Calculation (not used in pre‐k): Assesses mathematical computation skills through the completion of visually‐presented numeric math problems.
The scores on the above tests were summarized in two composite measures that averaged them together to create overall measures of children’s combined achievement in literacy, language, and math. One composite score combined the 6 tests given each year and the other also added the two tests given only in kindergarten and beyond.
The following behavioral assessments were also studied:
Work-related skills (The ability to work independently, listen to the teacher, remember and comply with instructions, complete tasks, function within designated time periods, and otherwise engage appropriately in classroom activities.)
Social behaviors (group activities, play, expression of feelings etc.)
Readiness for grade level work
Liking for school
Behavior problems (explosive or overactive behaviors,attention problems, physical or relational aggression, social withdrawal or anxiety,motor difficulties etc.)
Peer relations (Whether other children in the classroom like the target child and how many close friends the target child has.)
- At the end of pre‐k, the TN‐VPK children had significantly higher achievement scores on all 6 of the subtests, with the largest effects on the two literacy outcomes.
- By the end of kindergarten, the control children had caught up to the TN‐VPK children and there were no longer significant differences between them on any achievement measures. The same result was obtained at the end of first grade using both composite achievement measures
- In second grade, the TN‐VPK children scored lower than the control children on most of the measures. The differences were significant on both achievement composite measures and on the math subtests. The moderating effects of ESL status and mothers’ education were no longer significant.
- In the spring the first grade teachers reversed the fall kindergarten teacher ratings. First grade teachers rated the TN‐VPK children as less well prepared for school, having poorer work skills in the classrooms, and feeling more negative about school. It is notable that these ratings preceded the downward achievement trend we found for VPK children in second and third grades.
- The second and third grade teachers rated the behaviors and feelings of children in the two groups as the same.
- There was a marginally significant effect for positive peer relations favoring the TN‐VPK children by third grade teachers.
Two programs preceded this study which have been used to support the need for and effectiveness of early childhood education, the Perry Preschool program and the Chicago Child Parent Center program. The study’s authors noted that, to replicate the Perry program would cost $20,000/child in today’s dollars, far more than any state has to spend on universal pre-k. The Chicago program followed the children starting at 6 weeks, continued until kindergarten and provided full day care for 50 weeks of the year, again well beyond what most states can afford for preschool and, considering the results, of questionable benefit.

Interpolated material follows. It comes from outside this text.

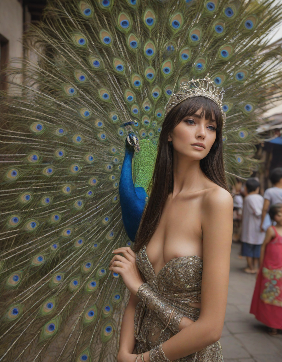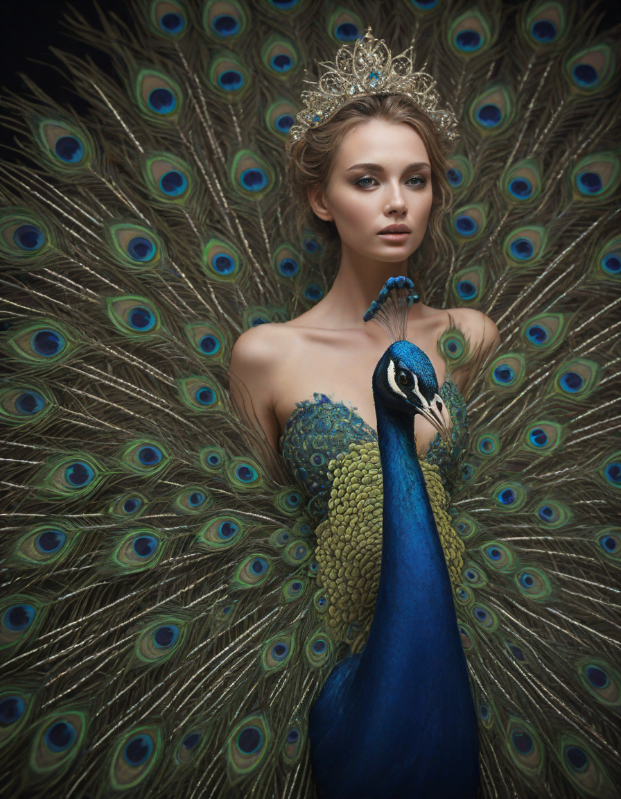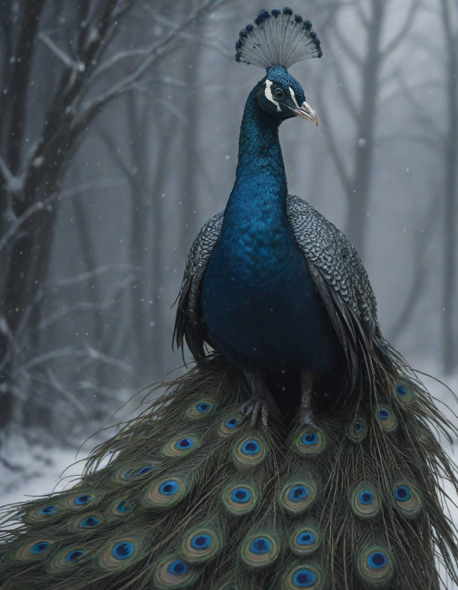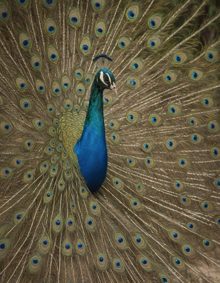 Glistening feathers of the majestic peacock

Missouri State Board of Education member Peter Herschend announced in the September board meeting that he believed the board “owed” the Missouri legislature a request for $500,000,000 for early childhood education and that such a request could be spread over 52 line items if need be.
It would be in the Board’s best interest to become familiar with the Vanderbilt study before having the audacity to request such a large sum of money for programs that show little impact beyond third grade, even for children from poor neighborhoods, whose mothers have low levels of education. In fact, they should pay special attention to the finding in the fourth bullet which warns that states may be shooting themselves in the foot with such programs, producing students who are even LESS interested in school than if we had done nothing.